De vaste commissie voor Financiën van de Eerste Kamer heeft in haar vergadering van 30 september jl. de brief van PricewaterhouseCoopers Belastingadviseurs N.V., d.d. 12 september 2008, inzake de tenuitvoerlegging van de motie-Essers c.s. (31 205/31 206, I) besproken. De commissie verzoekt u te reageren op deze brief met bijlagen en stelt daarbij een spoedige reactie van de zijde van de Staatssecretaris, in elk geval ruimschoots voor de behandeling van het Belastingplan 2009 in de Eerste Kamer, op prijs.

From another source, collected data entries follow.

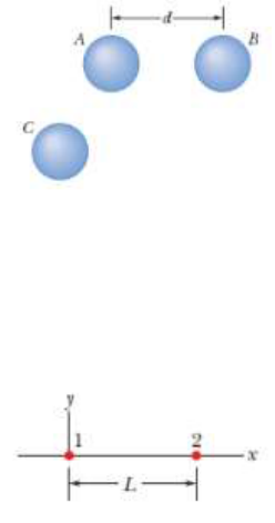1. Na Figura, três esferas condutoras iguais possuem inicialmente as seguintes cargas: esfera 𝐴, 4𝑄; esfera 𝐵, – 6𝑄; esfera 𝐶, 0. As esferas 𝐴 e 𝐵 são mantidas fixas, a uma distância entre os centros que é muito maior que o raio das esferas. Dois experimentos são executados. No experimento 1, a esfera 𝐶 é colocada em contato com a esfera 𝐴, depois (separadamente) com a esfera 𝐵 e, finalmente, é removida. No experimento 2, que começa com os mesmos estados iniciais, a ordem é invertida: a esfera 𝐶 é colocada em contato com a esfera 𝐵, depois (separadamente) com a esfera 𝐴 e, finalmente, é removida. Qual é a razão entre a força eletrostática entre 𝐴 e 𝐵 no fim do experimento 2 e a força eletrostática entre 𝐴 e 𝐵 no fim do experimento 1? 2. Na Figura, a partícula 1, de carga +1,0 𝜇𝐶, e a partícula 2, de carga – 3,0 𝜇𝐶, são mantidas a uma distância 𝐿 = 10,0 𝑐𝑚 uma da outra, em um eixo 𝑥. Determine (a) a coordenada 𝑥 e (b) a coordenada 𝑦 de uma partícula 3 de carga desconhecida 𝑞3 para que a força total exercida sobre ela pelas partículas 1 e 2 seja nula. 3. Nos cristais de cloreto de césio, os íons de césio, 𝐶𝑠 +, estão nos oito vértices de um cubo, com um íon de cloro, 𝐶𝑙–, no centro (Figura). A aresta do cubo tem 0,40 𝑛𝑚. Os íons 𝐶𝑠 + possuem um elétron a menos (e, portanto, uma carga +𝑒) e os íons 𝐶𝑙– possuem um elétron a mais (e, portanto, uma carga – 𝑒). (a) Qual é o módulo da força eletrostática exercida sobre o íon 𝐶𝑙– pelos íons 𝐶𝑠 + situados nos vértices do cubo? (b) Se um dos íons 𝐶𝑠– está faltando, dizemos que o cristal possui um defeito; qual é o módulo da força eletrostática exercida sobre o íon 𝐶𝑙– pelos íons 𝐶𝑠 + restantes? 4. Na Figura, �⃗�1é a força sobre 𝑞 devida a 𝑞1, e �⃗�2 é a força sobre 𝑞 devida a outra carga 𝑞2. A força total sobre a carga 𝑞 é �⃗� e as cargas estão igualmente distantes umas das outras.(a) Se 𝑞 é uma carga positiva, qual é o sinal de 𝑞1? (b) Qual é a carga de maior magnitude, 𝑞1 ou 𝑞2? 5. Um elétron é liberado a partir do repouso em um campo elétrico uniforme, de módulo 2,00 × 104 N/C. Determine a aceleração do elétron. (Ignore os efeitos da gravitação.) 6. Uma placa de cobre, plana e fina, possui dimensões de 4 cm × 4 cm. Se uma carga de –10 μC é adicionada ao metal condutor, determine a distância média entre os elétrons sobre um dos lados da placa. 7. Em uma região do espaço bidimensional, existem três cargas fixa: +1 𝑚𝐶 em (0,0), −2 𝑚𝐶 em (17 𝑚𝑚, 5 𝑚𝑚) e +3 𝑚𝐶 em (−2 𝑚𝑚, 11 𝑚𝑚). Qual a força resultante sobre a carga de −2 𝑚𝐶?
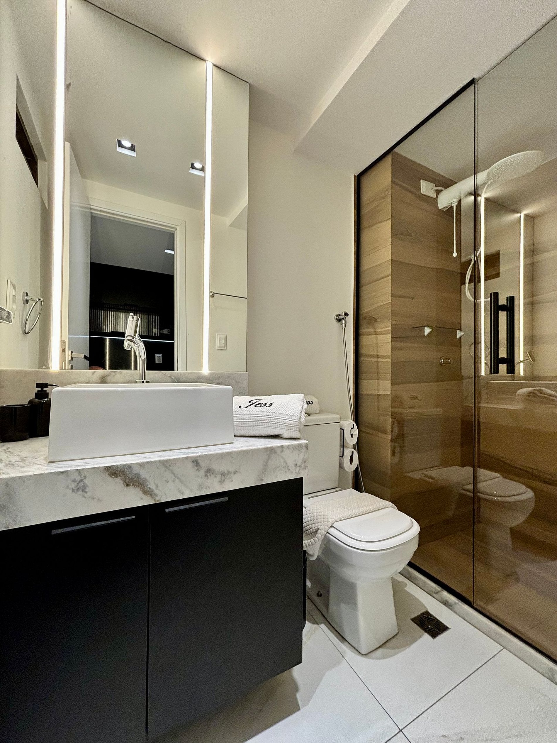 • Banheiro espaçoso com box de vidro, iluminação em LED e acabamento em mármore;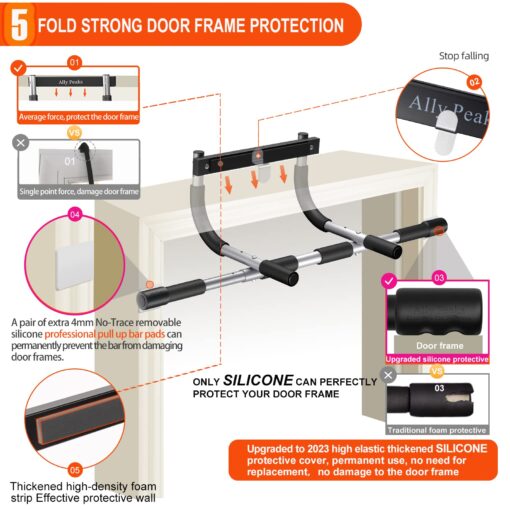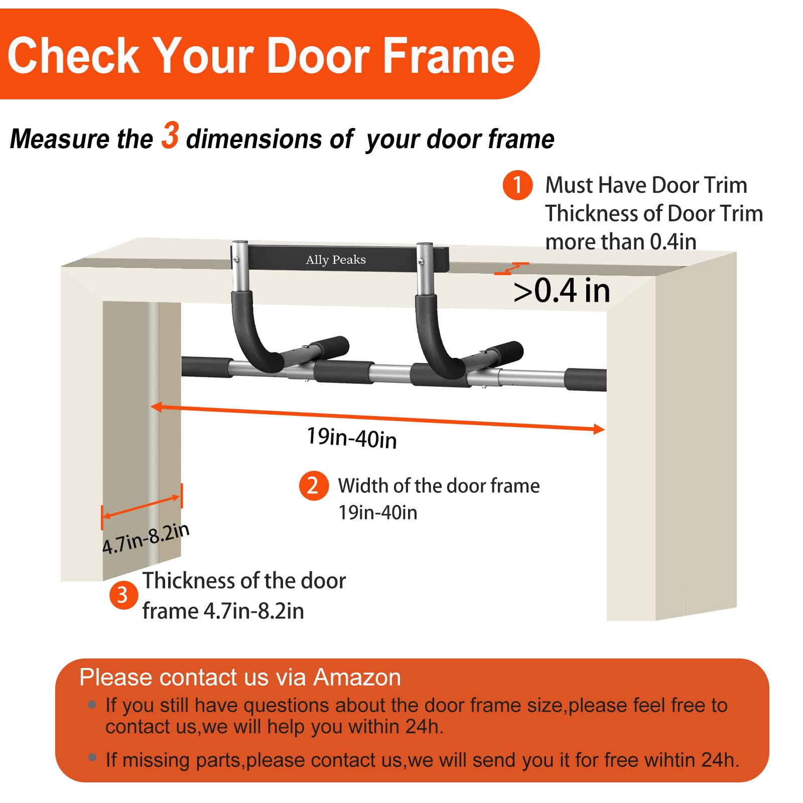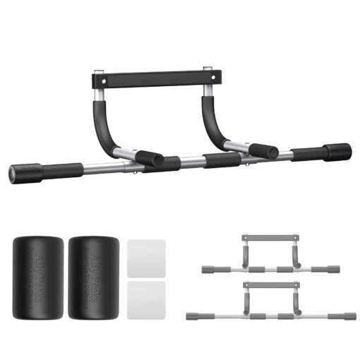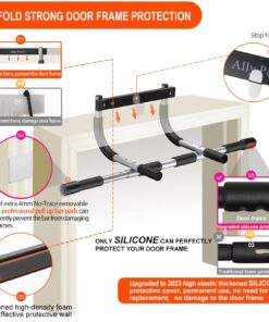 SECURE & SAFE: Simple and easy to install or uninstall and store when there is limited space. Heavy-duty chrome steel doorway pulls up bar and door mounts provide great support and safety. Before using the upper body workout bar tug down on the grips to make sure the unit is securely installed into door frame.

In dit verband wenst de commissie het volgende op te merken. Naar de mening van de commissie dient de uitleg van de in de motie-Essers c.s. opgenomen oproep aan de staatssecretaris van Financiën om zich flexibel op te stellen bij de afwikkeling van VSO-I niet te worden beperkt tot uitsluitend procedurele aspecten. Met de oproep tot flexibiliteit heeft de Kamer primair bedoeld aan te geven dat daar waar de wet de jurisprudentie daartoe de ruimte bieden, de Belastingdienst de door de woningcorporaties gemaakte inhoudelijke keuzes in het kader van de afwikkeling van VSO-I zoveel mogelijk dient te respecteren.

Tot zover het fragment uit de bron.